Politics are tricky to write about, because it's so complicated and there are so many different types, so I would suggest approaching your political storytelling much like you would approach world-building and exposition. Assume your readers don't understand most of the terms that aren't common and introduce them as such. Bettering your introduction of confusing terms will also broaden your reader audience.

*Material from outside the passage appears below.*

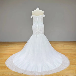Make a breathtaking entrance in this off-shoulder tulle mermaid wedding dress, where timeless elegance meets modern charm. Adorned with intricate beading and flowing tulle, this gown ensures a romantic, unforgettable look from every angle.
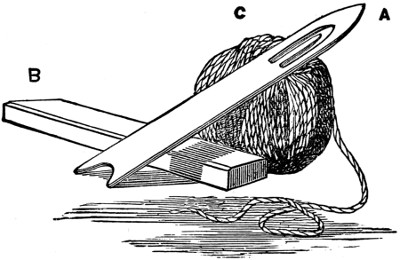 Take the loop and pass it down through one of the corner holes under the thread, and pull the bead down through the loop. Do this to each corner, and the loop will now be seen to surround the whole of the threads: pass the loop down over the cardboard, when the ring will come off. To replace the ring reverse the movement.

Another area where your pacing could be improved is by adding in more characterization and less dialogue. Chapter one is almost completely dialogue, which gives us a lot of information about this world but not so much information about the characters. It's important to give your readers insight into who your characters are, what they like, how they feel and what they stand for before giving us too much plot. I'd suggest adding in more narration into your chapters—especially the first few—so you can establish your characters to the readers quicker.


ii. TRANSITIONS

I'm very fond of the way you begin and end chapters. You know what a good hook looks like, and you use it to your advantage in a very effective way. Your transitions between scenes are slightly more jarring (due to the lack of narration and the heavy dialogue) which sometimes made your story hard to follow. Again, fixed with more narration and special attention paid to exposition.

0 7 / 1 0


i. CHARACTERS

I do like your character descriptions because they get across a lot of information, but they still have the feel of info-dumping for the reason that they introduce most of the description all at once. Consider places where your descriptions would fit into the narration. (Again, this will fix up your flow.) In addition, try thinking of each little way you can make your characters real. What's different about them? What problems do they face? How do they feel about the dialogue/actions being carried out? All important questions to consider when building a character.


ii. SCENES

I do really like your scene description for the reason that it's simple, and I can appreciate that. However, you do tend to describe a scene, then move on, without continuously adding in details. When we write big paragraphs of description, most readers will begin to skim. If we add in little sentences in between dialogue and narration, readers won't even notice that they've received the same information without skimming. Some things to think about there.

0 7 / 1 0


i. PLOT

Political dramas are fairly rare on Wattpad, which gives them a small, very refined audience. As intriguing and exciting as your plot is to me, I'm unsure of how most readers will feel about the heavy plot. So are you boring me? No. But I think you're boring others. Perhaps you're okay with this—after all, I don't feel the need to cater to sci-fi readers in my adventure book, and you shouldn't need to cater to fantasy readers in your political genre. The problem is the action/adventure audience is huge, and the political/drama/mystery audience is not. I think you could benefit from catering to a wider audience. However, it's not necessarily essential for to change your plot at all if you're happy with your audience. I just think your book is very heavy where it stands now.


ii. TONE

Again, your heavy plot gives you a heavy tone, but you do write beautifully. I really like your style and ideas. However, the only problem I'd like to mention here is your jumping between past and present tense. Sometimes you use both verbs, often starting chapters with present tense, then morphing over to past tense. This isn't a great way to write a story, as it gets confusing and hard to follow. Try picking a tense and staying in it, as that's the best way to maintain both interest and understanding.

0 8 / 1 0


I really love the complexity of both your ideas and your storytelling. There's obviously a lot of heavy topics here, and I think you would benefit from more exposition and less dialogue. I'm not exceptional with exposition myself, but I've found the best way to get it done is to rewrite it over and over until you have it the way you like it. However, your logistics are great—just fix up those dialogue tags—and the nitty-gritty way you write is just beautiful.